● Dataset content:
-----
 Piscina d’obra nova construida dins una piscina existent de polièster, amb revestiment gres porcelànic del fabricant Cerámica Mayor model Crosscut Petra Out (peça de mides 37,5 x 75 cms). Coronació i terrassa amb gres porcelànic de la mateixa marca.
-----
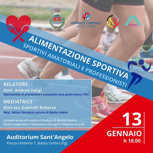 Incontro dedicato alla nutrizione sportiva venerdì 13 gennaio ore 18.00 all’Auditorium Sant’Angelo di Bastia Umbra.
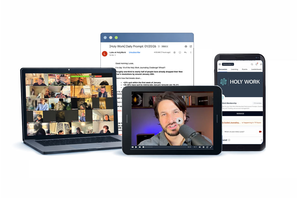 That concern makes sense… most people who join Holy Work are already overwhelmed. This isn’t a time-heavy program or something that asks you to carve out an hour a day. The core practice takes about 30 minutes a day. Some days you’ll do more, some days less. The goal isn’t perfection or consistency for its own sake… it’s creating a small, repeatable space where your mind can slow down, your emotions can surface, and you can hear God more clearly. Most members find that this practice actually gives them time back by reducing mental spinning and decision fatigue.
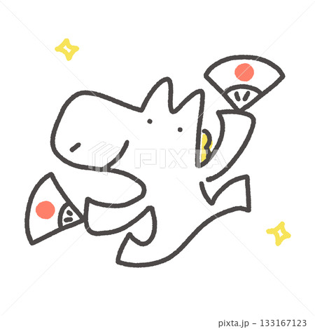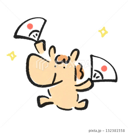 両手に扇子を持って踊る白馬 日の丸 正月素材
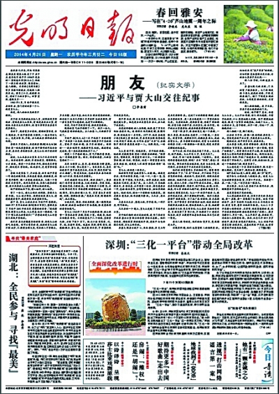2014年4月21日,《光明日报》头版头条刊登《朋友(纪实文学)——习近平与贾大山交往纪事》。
-----
Only the lines above from the one with "Incontro dedicato alla" to the one with "2014年4月21日,《光明" should be printed, both included and exactly as written; no picture belongs in the copy.

 Incontro dedicato alla nutrizione sportiva venerdì 13 gennaio ore 18.00 all’Auditorium Sant’Angelo di Bastia Umbra.
 That concern makes sense… most people who join Holy Work are already overwhelmed. This isn’t a time-heavy program or something that asks you to carve out an hour a day. The core practice takes about 30 minutes a day. Some days you’ll do more, some days less. The goal isn’t perfection or consistency for its own sake… it’s creating a small, repeatable space where your mind can slow down, your emotions can surface, and you can hear God more clearly. Most members find that this practice actually gives them time back by reducing mental spinning and decision fatigue.
 両手に扇子を持って踊る白馬 日の丸 正月素材
2014年4月21日,《光明日报》头版头条刊登《朋友(纪实文学)——习近平与贾大山交往纪事》。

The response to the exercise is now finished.